(Beginning of Records to process)
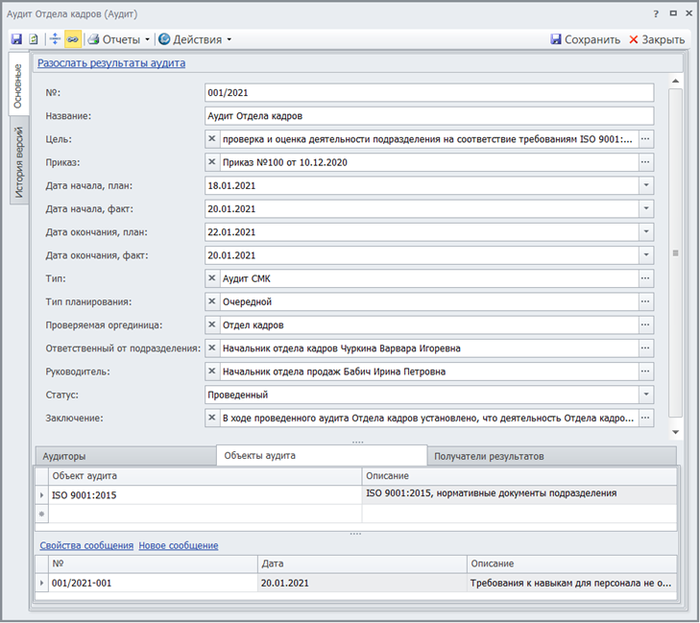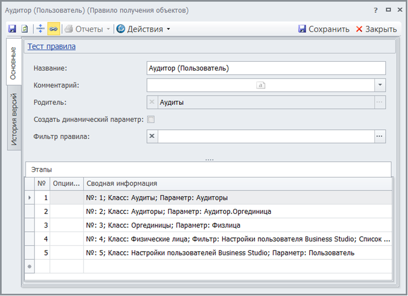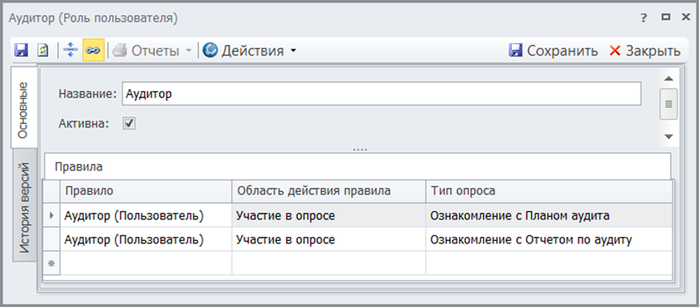 Например, создать Роль пользователя «Аудитор» — это лицо, которое указано на вкладке «Аудиторы» в свойствах аудита.
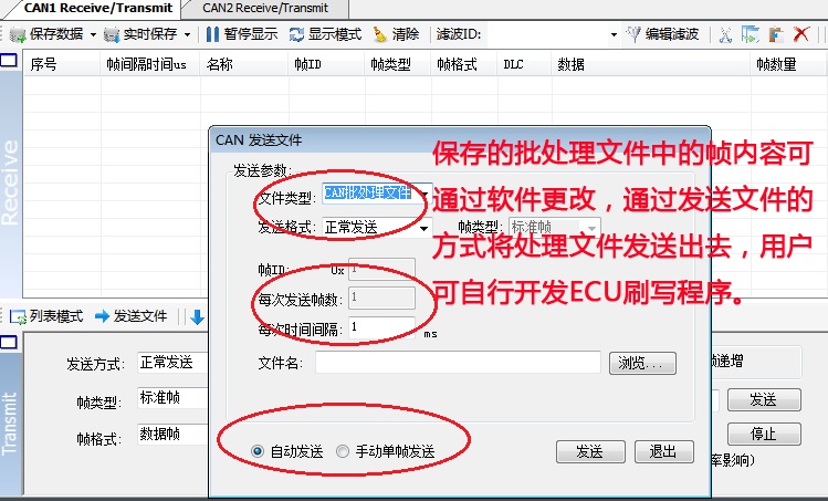 文件发送功能可将批处理文件(.CAN)按接收时的时序信息,发送回CAN总线,批处理文件可通过记事本编辑,编辑后的文件可以实现按用户实际写入的内容进行发送。
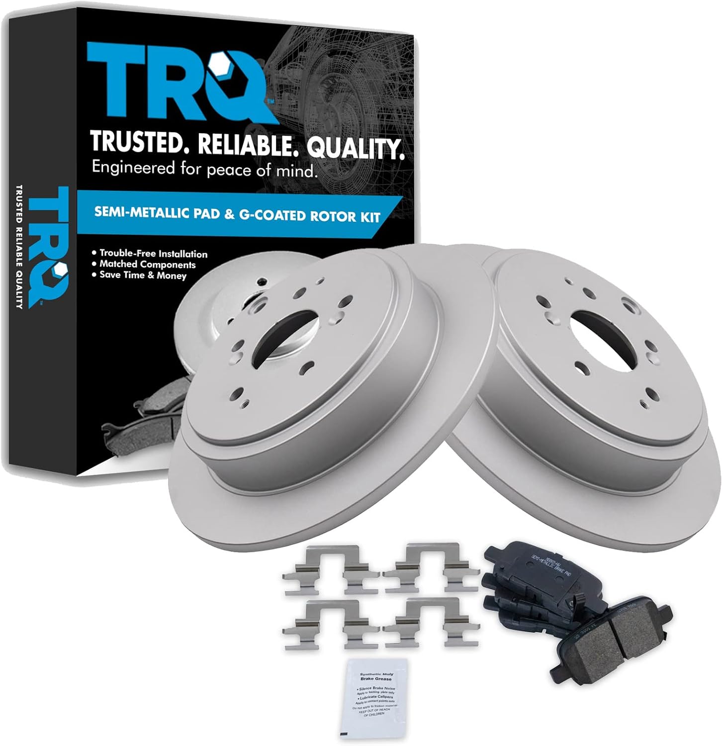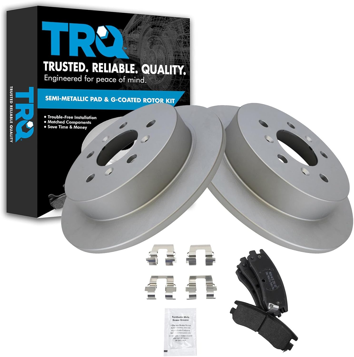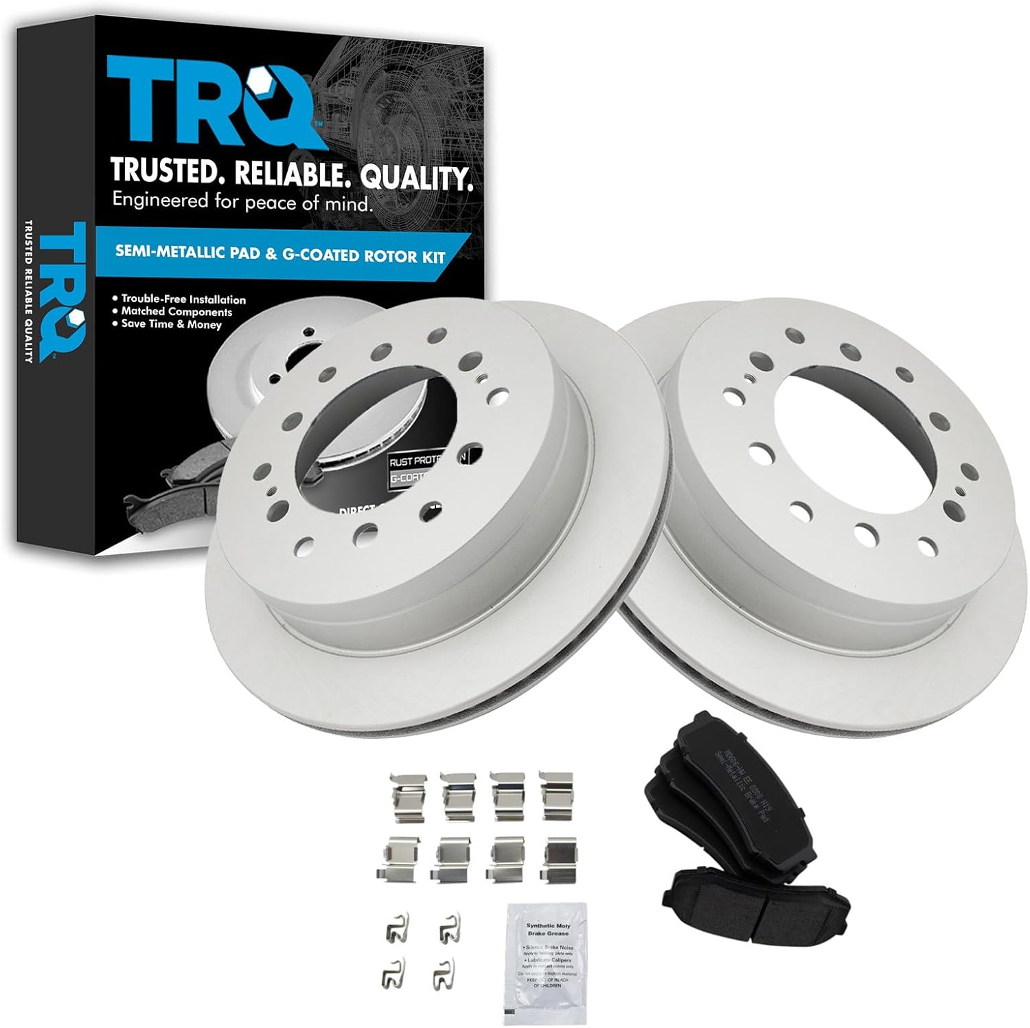 Semi-Metallic Brake Pad & Rotor KitKit Includes(1) Rear Semi-Metallic Brake Pad Set(2) Rear Premium G-Coated Brake Rotors12.99 in. (330mm) Brake Rotor DiameterFitmentCadillac Escalade 2002 - Rear Wheel Drive Rear with Center Anti-Rattle Clip 2002-06 - All Wheel Drive RearCadillac Escalade ESV 2003-06 - RearCadillac Escalade EXT 2002-06 - RearChevrolet Avalanche 1500 2002 - Rear Wheel Drive Rear with Center Anti-Rattle Clip 2002-06 - 4 Wheel Drive RearChevrolet Silverado 1500 2003-06 - Rear with Dual Piston Rear CalipersChevrolet Suburban 1500 2000-01 - with Limited Slip Rear Axle Rear with 330mm Diameter Rear Rotors with Dual Piston Rear Calipers 2002 - Rear Wheel Drive Rear with Center Anti-Rattle Clip 2002-06 - 4 Wheel Drive RearChevrolet Tahoe 2000-01 - Rear with 330mm Diameter Rear Rotors with Dual Piston Rear Calipers 2002 - Rear Wheel Drive Rear with Center Anti-Rattle Clip 2002-06 - 4 Wheel Drive RearGMC Sierra 1500 2001 - Rear with 330mm Diameter Rear Rotors with Dual Piston Rear Calipers 2002 - Rear with Dual Piston Rear Calipers 2003 - V8 5.3L Rear with 330mm Diameter Rear Rotors with Dual Piston Rear Calipers 2004-06 - Rear with Dual Piston Rear CalipersGMC Yukon 2000-01 - Rear with 330mm Diameter Rear Rotors with Dual Piston Rear Calipers 2002 - Rear Wheel Drive Rear with Center Anti-Rattle Clip 2002-06 - 4 Wheel Drive RearGMC Yukon XL 1500 2000-01 - Rear with 330mm Diameter Rear Rotors with Dual Piston Rear Calipers 2002-06 - All Wheel Drive Rear 2003-06 - 4 Wheel Drive RearProduct AttributesFriction Material Composition: Semi-metallicBrake Rotor Diameter: 12.99 in. (330mm)Wheel Lug Count: 6 LugBrake Rotor Coating: Premium G-CoatedBrake Pad Bonding Type: Premium PosiBrake Pad Friction Material: Semi-MetallicBrake Rotor Venting Type: VentedProduct Features Positive Molded: Less dust resulting in clean wheels Electrostatic Coated: Long-lasting rust protection G3000 Casting Alloy: Reduced noise and improved wear resistance Application Specific Design: Extended service life, no modificationsItem DetailsTRQ brake kits are designed to restore your brake system to like-new performance. TRQ brake pads are positive molded, thermal scorched, chamfered, and utilize a multi-layer shim for enhanced performance and service life. TRQ G-coated rotors have long-lasting rust prevention, perfect for wheels with large openings that expose the rotor and rotor hat during daily drives. All products are fit and road-tested in our Massachusetts R&D facility to ensure we deliver on our promise of Trusted Reliable Quality.Reference Numbers1804420255067EHT834H
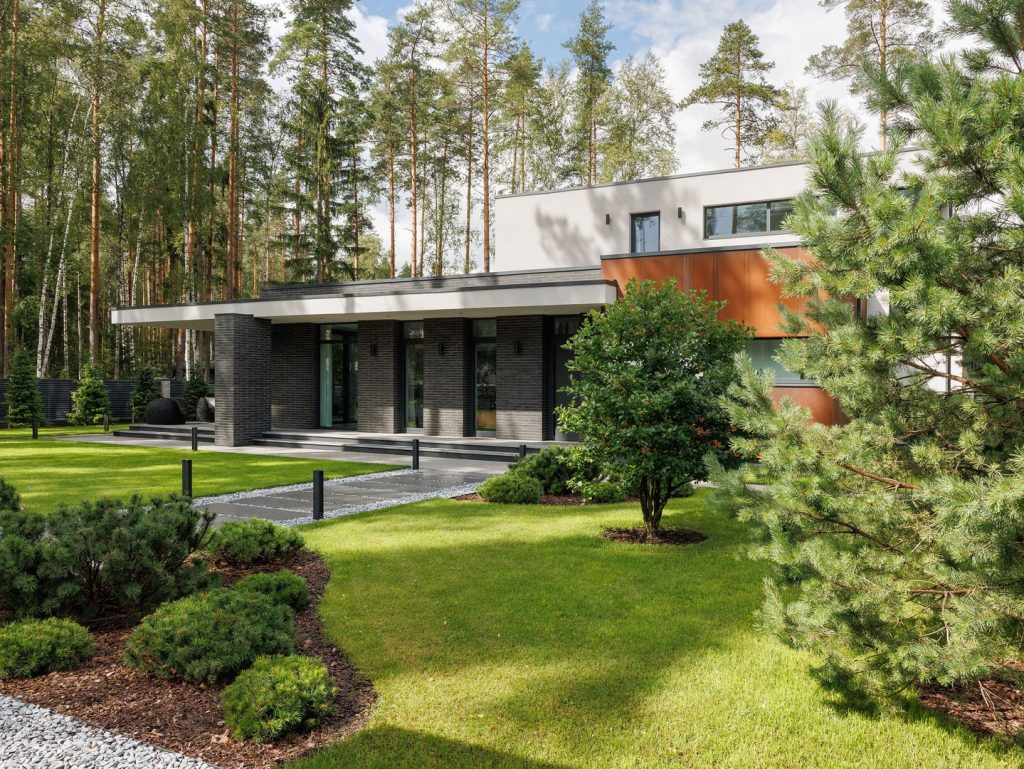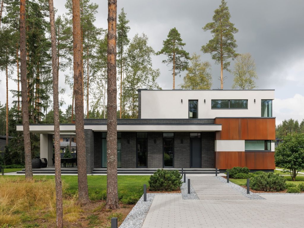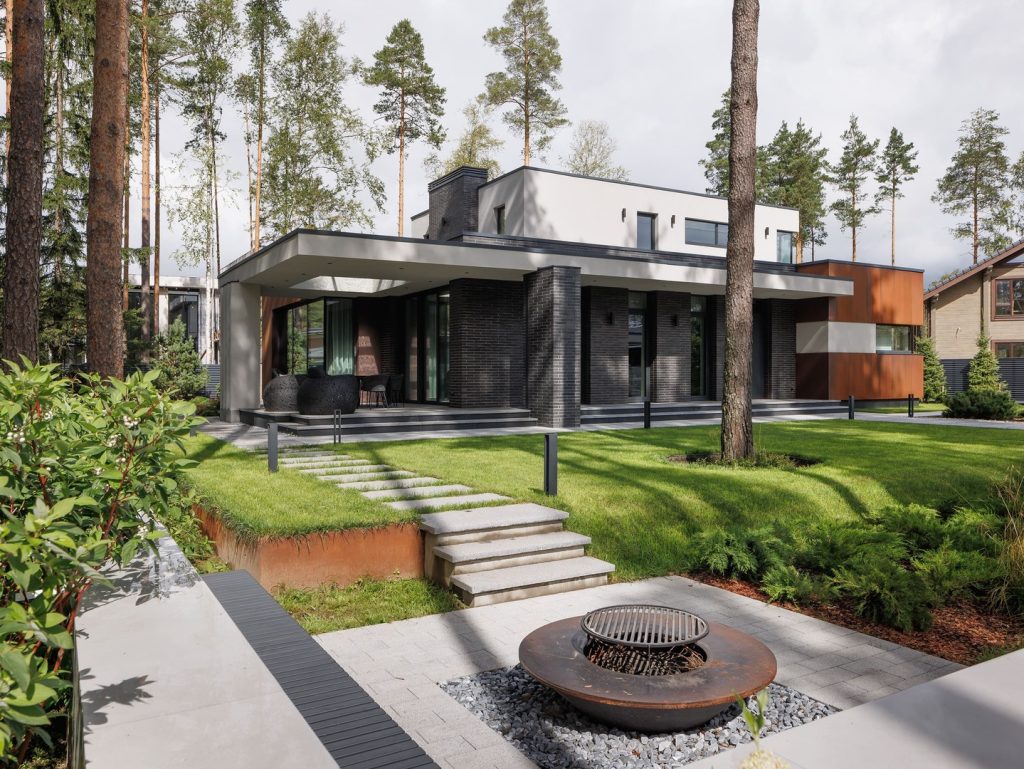 Игру объёмов Юлия Скачкова подчеркнула разной отделкой фасадов: серая штукатурка, чёрный кирпич, сталь-кортен. Здесь также сработало правило баланса красоты и функциональности. Кортен, долговечный и практичный, смотрится очень эффектно — всполохи тёплого оттенка приковывают внимание на фоне петербургского неба и перекликаются с цветом стволов сосен — их здесь немало, и, разрабатывая ландшафтное решение, команда студии сохранила деревья по максимуму.
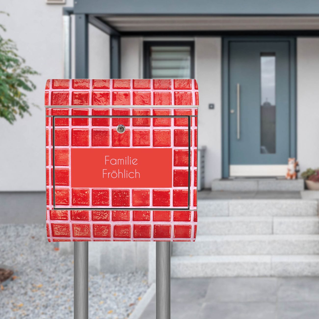 Standbriefkasten Edelstahl Rote Kacheln
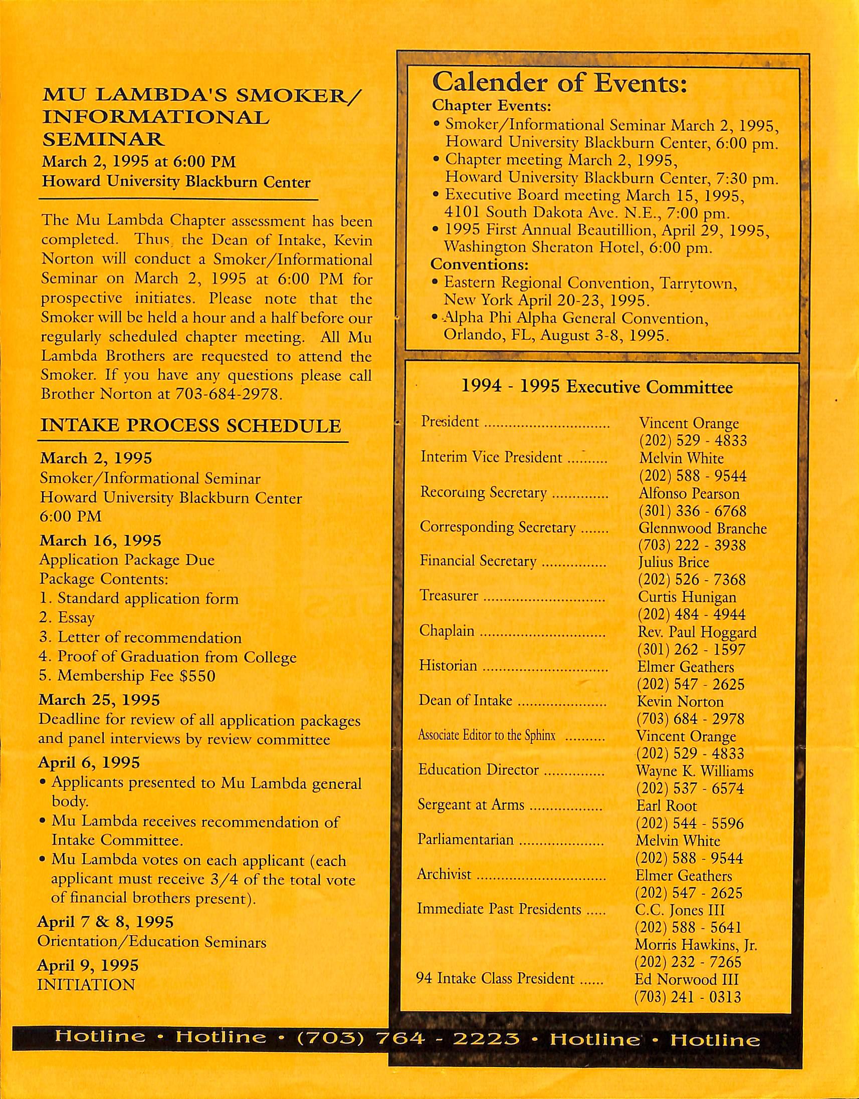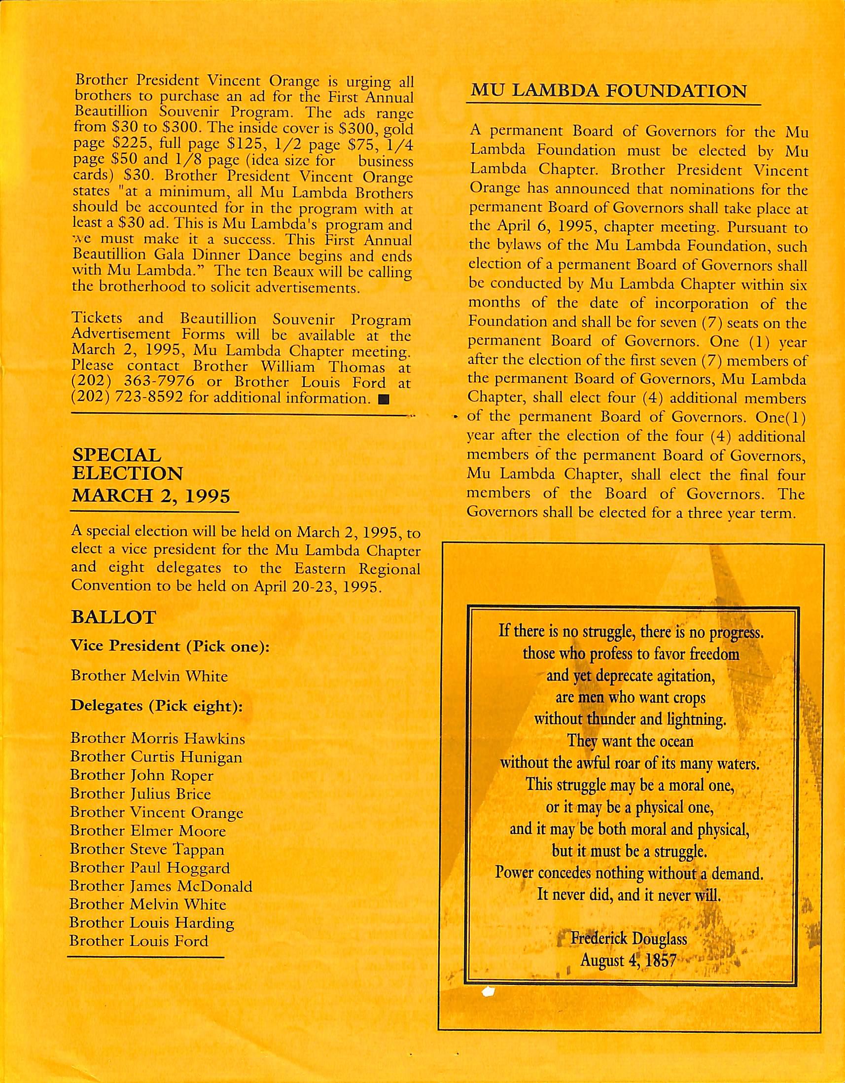 Brother President Vincent Orange is urging all brothers to purchase an ad for the First Annual Beautillion Souvenir Program. The ads range from S30 to S300. The inside cover is S300, gold page S225, fijll page S125, 1/2 page S75, 1/4 page $50 and 1/8 page (idea size for business cards) $30. Brother President Vincent Orange states "at aminimum, all Mu Lambda Brothers should be accounted for in the program with at least a$30 ad. This is Mu Lambda's program and we must make it asuccess. This First Annual Beautillion Gala Dinner Dance begins and ends with Mu Lambda.” The ten Beaux will be calling the brotherhood to solicit advertisements.
(End of Records to process)
> Brief
The line that contains "Игру объёмов Юлия" opens the part to copy, and the last line of the records closes it; set down those lines exactly, pictures excluded.

> Written response
 Игру объёмов Юлия Скачкова подчеркнула разной отделкой фасадов: серая штукатурка, чёрный кирпич, сталь-кортен. Здесь также сработало правило баланса красоты и функциональности. Кортен, долговечный и практичный, смотрится очень эффектно — всполохи тёплого оттенка приковывают внимание на фоне петербургского неба и перекликаются с цветом стволов сосен — их здесь немало, и, разрабатывая ландшафтное решение, команда студии сохранила деревья по максимуму.
 Standbriefkasten Edelstahl Rote Kacheln
 Brother President Vincent Orange is urging all brothers to purchase an ad for the First Annual Beautillion Souvenir Program. The ads range from S30 to S300. The inside cover is S300, gold page S225, fijll page S125, 1/2 page S75, 1/4 page $50 and 1/8 page (idea size for business cards) $30. Brother President Vincent Orange states "at aminimum, all Mu Lambda Brothers should be accounted for in the program with at least a$30 ad. This is Mu Lambda's program and we must make it asuccess. This First Annual Beautillion Gala Dinner Dance begins and ends with Mu Lambda.” The ten Beaux will be calling the brotherhood to solicit advertisements.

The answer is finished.